Personal Growth

You are viewing an old revision of this post, from May 4, 2021 @ 22:46:55. See below for differences between this version and the current revision.

I am really proud of myself for becoming the strongest and most muscular of my life during this pandemic. For the few years leading up to the pandemic, I got into basic barbell strength training, then considered taking a more bodybuilding approach, and ultimately decided to focus on pure raw strength, specifically powerlifting. When the pandemic hit and I realized that it was going to be months, not weeks (little did I know it would be more than a year), I knew that I had to figure out how to continue my powerlifting at home. It was a new-ish hobby of mine, and if I just let it fall by the wayside, it would essentially mean that I was no longer doing something that was purely for myself. For my own self-worth, I needed to have that thing that I would do for myself.

The rest of the country decided to buy fitness equipment at about the same time, so it was a bit difficult to get the stuff, but with enough persistence I pieced together the equipment I needed. So this whole year I have pretty consistently been doing my lifting. I have gotten bigger, stronger, and I feel good about myself and what I have achieved. Last year, I even participated in a virtual powerlifting competition. I came in last (of three) in my age and sex category, but that’s OK.

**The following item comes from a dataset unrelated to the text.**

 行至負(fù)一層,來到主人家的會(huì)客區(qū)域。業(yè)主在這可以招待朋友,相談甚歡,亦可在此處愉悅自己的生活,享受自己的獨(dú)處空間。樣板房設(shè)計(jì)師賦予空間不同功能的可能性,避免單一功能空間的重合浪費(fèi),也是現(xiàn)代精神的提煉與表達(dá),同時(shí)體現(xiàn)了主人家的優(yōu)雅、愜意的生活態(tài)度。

Despite having adopted this healthy habit and achieved the improvements that came with it, I find myself wanting more. Yes, more progress on physical achievements, like a running habit and increased flexibility. But more than that, I want to grow my spirituality, emotional well-being, mindfulness, willpower, intellectual pursuits, and conscious leisure activities. I know each of these things will take a similar amount of commitment that my growth in physical strength has taken. So I have to keep reminding myself of that.

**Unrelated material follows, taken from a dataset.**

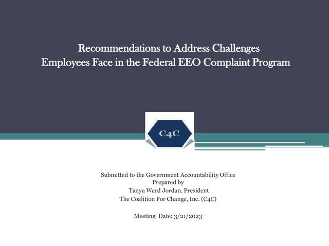 the goal as President Jimmy Carter and Congress intended when in 1978, "all equal opportunity the Federal employment enforcement and related functions" transferred from the Civil Service Commission to the EEOC. Today, like its predecessor, the EEOC remains lethargic in enforcing fair employment requirements in the Federal government. The EEOC-championed Federal Equal Employment Opportunity Complaint Program needs a complete overhaul. A thorough examination of the EEOC-regulated system is warranted. It is vital to grasp that the EEOC, "a Federal agency," acts as an administrative court. The EEOC's cache of Administrative Judges hears employment discrimination cases parties bring against Federal employers, including claims brought against the EEOC. Consequently, the EEOC's placement as an “enforcement” agency within the Executive Branch poses a conflict. It impedes its ability to serve as a neutral adjudicator. The EEOC rarely rules in favor of the aggrieved party alleging workplace discrimination In the infrequent cases when the EEOC finds discrimination and rules in favor of an aggrieved federal employee or job applicant, the EEOC seldom sanctions an agency commensurate with the unlawful offense. Instead, the EEOC’s practice is to exact a “lesser sanction” on an agency official who commits an unlawful act or fails to follow EEO complaint processing guidelines. Moreover, the EEOC tacitly resists framing EEO guidance reasonably. Given it will be subject to regulations it publishes. The C4C recognizes the scope of the Government Accountability Office study. We also recognize the focus areas requested by the Committee on Oversight and Reform. Therefore, we present viable recommendations to improve the Federal EEO complaint process, deliver relief for victims of retaliation, and institute accountability for civil rights violators. If implemented, these reforms will address the longstanding concerns of advocacy groups, legal scholars, lawmakers, and Federal whistleblowers who bring mixed case complaints to the EEOC’s redress system. They will also complement C4C’s EEO reform measures Congress passed into law under the Elijah Cummings Federal Employee Antidiscrimination Act. Tanya Ward Jordan, President The Coalition For Change, Inc. (C4C) Approved by: Paulette Taylor, Civil Rights Chair Edgar Dion Lee, Senior Investigator Analyst Juanita Winkey Kennedy, Communications Chair Joyce E. Megginson, Public Relations Officer RECOMMENDATIONS

I am 37 years old. Just continuing to “think of” myself as a mindfulness-aligned, spiritual-seeking, intellectual person does not make it so. I have to actively pursue these goals and others. Aside from putting in the work, I need to make room for that. I need to slowly shed non-core responsibilities, so that I have more room (primarily time, but also mental context switching) for personal growth.

I have been “wanting” to cultivate a mindfulness practice for at least ten years now. And by “mindfulness practice,” I mean even just ten minutes of meditation per day. Of course, that would just be the start. But even that start, I have never begun for more than a few days. So how much do I “want” it? That is what I need to prove to myself by taking steps to make it possible.

I also find a certain amount of sadness in, for instance, finishing a day of work plus other responsibilities, to walk to get the mail and realize that I have hardly been outside all day on a beautiful day. It’s not that work alone prevents me from getting outside. More that a combination of other responsibilities after work as well as a lack of sufficient willpower to take advantage of little 10- or 15-minute blocks of time together prevents me from getting outside, or whatever my “conscious leisure” activity might be.

All of this is to say that I only live once, and simply floating from day to day, week to week, month to month, season to season, year to year, without putting in sufficient conscious effort in designing my life, cultivating my spirit, sculpting my body, caressing my relationships, appreciating my intellect, and fully experiencing life, will be a disappointment to say the least. We only live once, and we must grab life by the horns and ride it for all that it’s worth.